Для меня. югославского литератора, черногорца из Сербии. публикация в Москве этих произведений (настанет, надеюсь, черед и других моих книг) — событие особое, его не переоценить.

Новый класс

ПЕРЕД НАЧАЛОМ

Все это, конечно, можно было выразить по-иному. В виде повествования об одной из современных революций или изложения одной точки зрения, да и, наконец, как исповедь одного революционера.

Не стоит, следовательно, удивляться, что в настоящих записках нашлось место всему понемногу. Получились они пусть и непрочным синтезом упомянутых элементов — историй, личного мнения и мемуаров, что вполне совпадет с моими намерениями: в одной работе как можно полнее и одновременно как можно лаконичнее, используя различные подходы, обрисовать облик современного коммунизма. Исследовательская сторона при этом в чем-то потеряла, но зато картина предстала более целостной и доходчивой.

Кроме того, мои личные обстоятельства столь зыбки, а от меня зависимы лишь постольку, поскольку я им не покорился, что я вынужден поспешить с описанием своих наблюдений и обобщений, хотя понимаю, что более детальная проработка могла бы дополнить или, возможно, изменить некоторые выводы.

Понимая всю грандиозность столкновений в современном, мучительно меняющемся и воссоединяющемся мире, я далек от мысли ронять мудрые слова, а тем более выносить приговоры. Считаю, что сегодня такое не дано ни одному человеческому существу, ни одной стране. Да я и не претендую на знание мира вне того, коммунистического, в котором имел счастье или несчастье прожить. И коль уж говорил о сферах, выходящих за границы своей, так единственно чтобы эту свою изобразить еще рельефнее, яснее.
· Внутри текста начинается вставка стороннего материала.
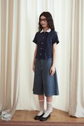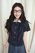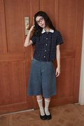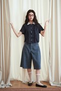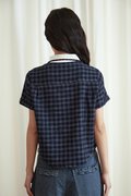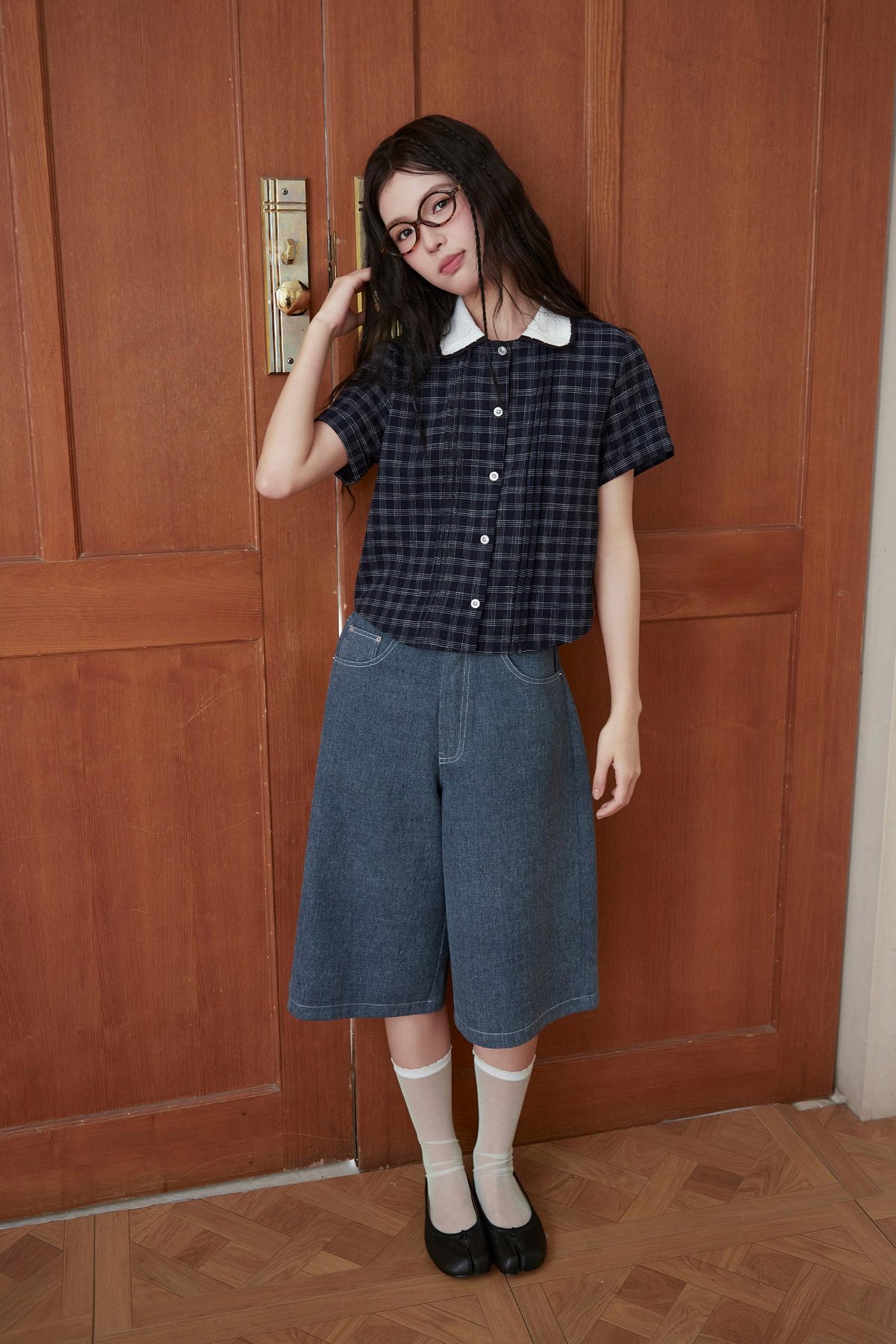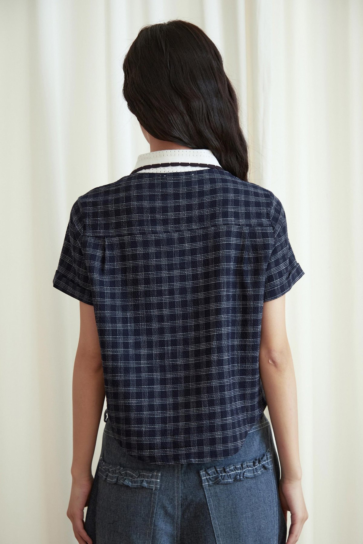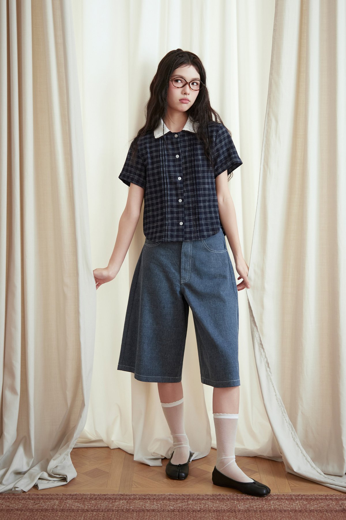 A slightly oversized shirt with contrast navy-edged collar, cuffed sleeves, front pintuck details, curved hem, and functional front buttons.
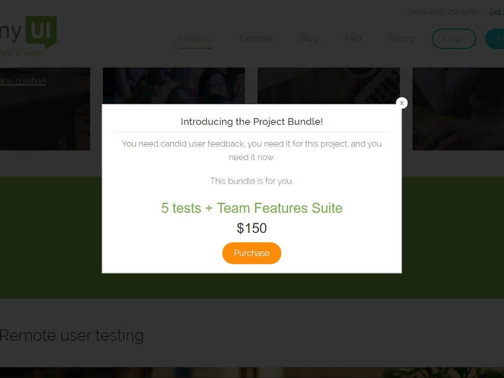 TrymyUI’s — Usability Testing Service shows unique offer pop up and highlights the most valuable info: offer, price and CTA button.
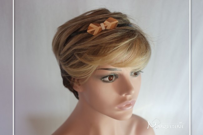 Serre tête noeud pap en marqueterie bois assorti d'un fil coton écru/crème
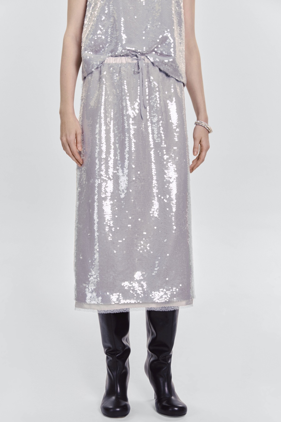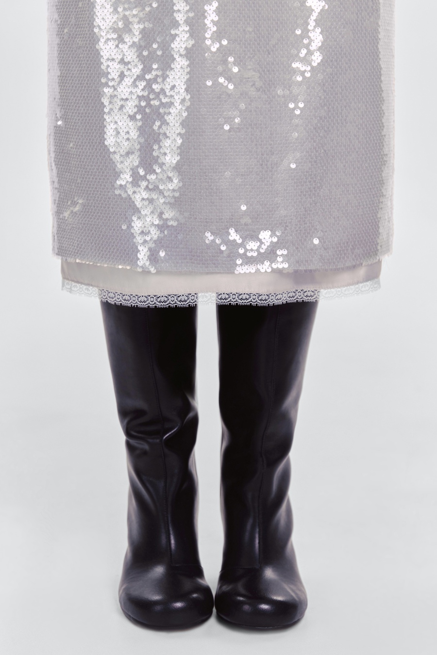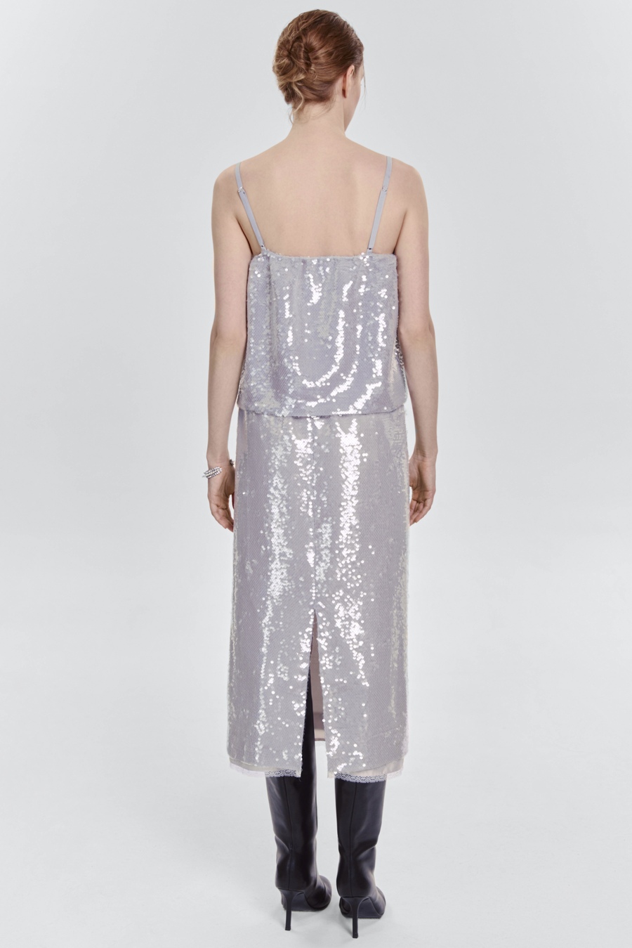 Юбка, созданная сиять в ритме города. Прямая модель из воздушного шифона, усыпанная мерцающими пайетками, ловит каждый отблеск света и делает шаги легче, а образ — выразительнее. Она будто дышит ночной энергией мегаполиса: утончённая, дерзкая и одновременно невесомая.

От лежащей перед ним книги читателю не следует ожидать особых откровений. Все изложенное здесь сказано уже в ином каком-то месте иными словами. Данная же книга, возможно, освежит цвета, запахи, атмосферу, а к этому вдруг да и высветит отдельную оригинальную мысль. Уже что-то. Даже немало. А лично моя заслуга тут единственно вот в чем: находясь в особой ситуации, я по-своему высказал то, что другие давно знают, чувствуют или, вполне возможно, тоже уже свойственным им способом высказали.

Происхождение

1

Корни коммунистической доктрины, какой мы ее знаем сегодня, уходят глубоко в прошлое, хотя свою «действительную жизнь» она начала с развитием в Западной Европе современной промышленности.

Фундаментальные основы ее теории — первичность материи и всеобщая изменчивость — заимствованы у мыслителей непосредственно предшествовавшего периода. Но чем продолжительнее коммунизм существует, чем делается сильнее, тем менее значимой оказывается при нем роль этих начал. Что и понятно; встав «у руля», он все активнее мерит остальной мир собственной меркой и все менее желает изменяться сам.
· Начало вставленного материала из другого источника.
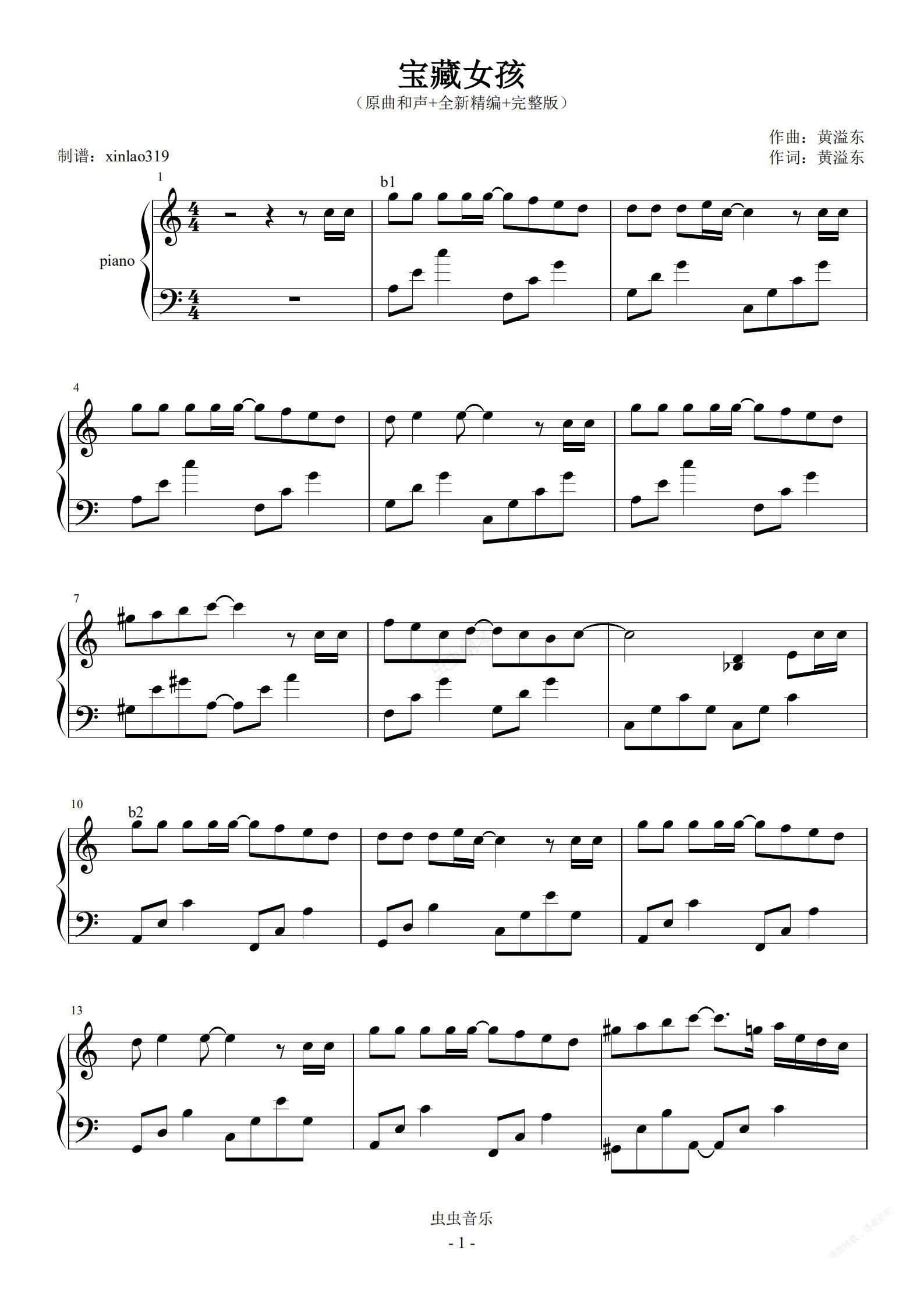 钢琴谱:宝藏女孩-C-(原曲和声+全新精编+完整版)

Диалектика, материализм, не зависящая от человеческой воли изменчивость мира — это краеугольные камни коммунизма, по Марксу, — старого, классического.

Коммунистические теоретики, включая Маркса и Энгельса, не открыли ни одного из базовых начал своего учения. Таковые взяты «со стороны» и увязаны в систему с намерением, пусть и вопреки собственной воле, заложить фундамент нового осмысления мира.
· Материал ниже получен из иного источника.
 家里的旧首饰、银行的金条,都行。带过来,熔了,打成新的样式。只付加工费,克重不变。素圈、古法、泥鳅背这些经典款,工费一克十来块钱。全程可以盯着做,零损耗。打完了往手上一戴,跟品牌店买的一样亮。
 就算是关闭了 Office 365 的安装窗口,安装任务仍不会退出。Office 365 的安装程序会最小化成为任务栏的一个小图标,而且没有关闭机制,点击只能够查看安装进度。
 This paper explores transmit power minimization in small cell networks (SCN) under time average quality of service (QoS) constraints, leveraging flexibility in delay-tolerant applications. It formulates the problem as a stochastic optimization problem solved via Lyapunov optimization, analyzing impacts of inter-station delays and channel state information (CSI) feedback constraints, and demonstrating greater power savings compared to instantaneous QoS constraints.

Тезис о первичности материи унаследован от французских материалистов XVIII века. Несколько иначе его формулировали и другие мыслители: Демокрит в Древней Греции, например. Положение о всеобщей изменчивости как результате борьбы противоположностей — диалектика — заимствовано у Гегеля. Но и это, в ином изложении, известно с древних времен, еще от Гераклита.

2

Думается, что Гегель сам был поражен последствиями, вытекавшими из его открытий: ежели все меняется, то что остается от его собственных идей и общества, которое он был не прочь сохранить? Он не мог да и, как профессор на королевской службе, права не имел сделать из своей философии прямые выводы, касающиеся судеб общества.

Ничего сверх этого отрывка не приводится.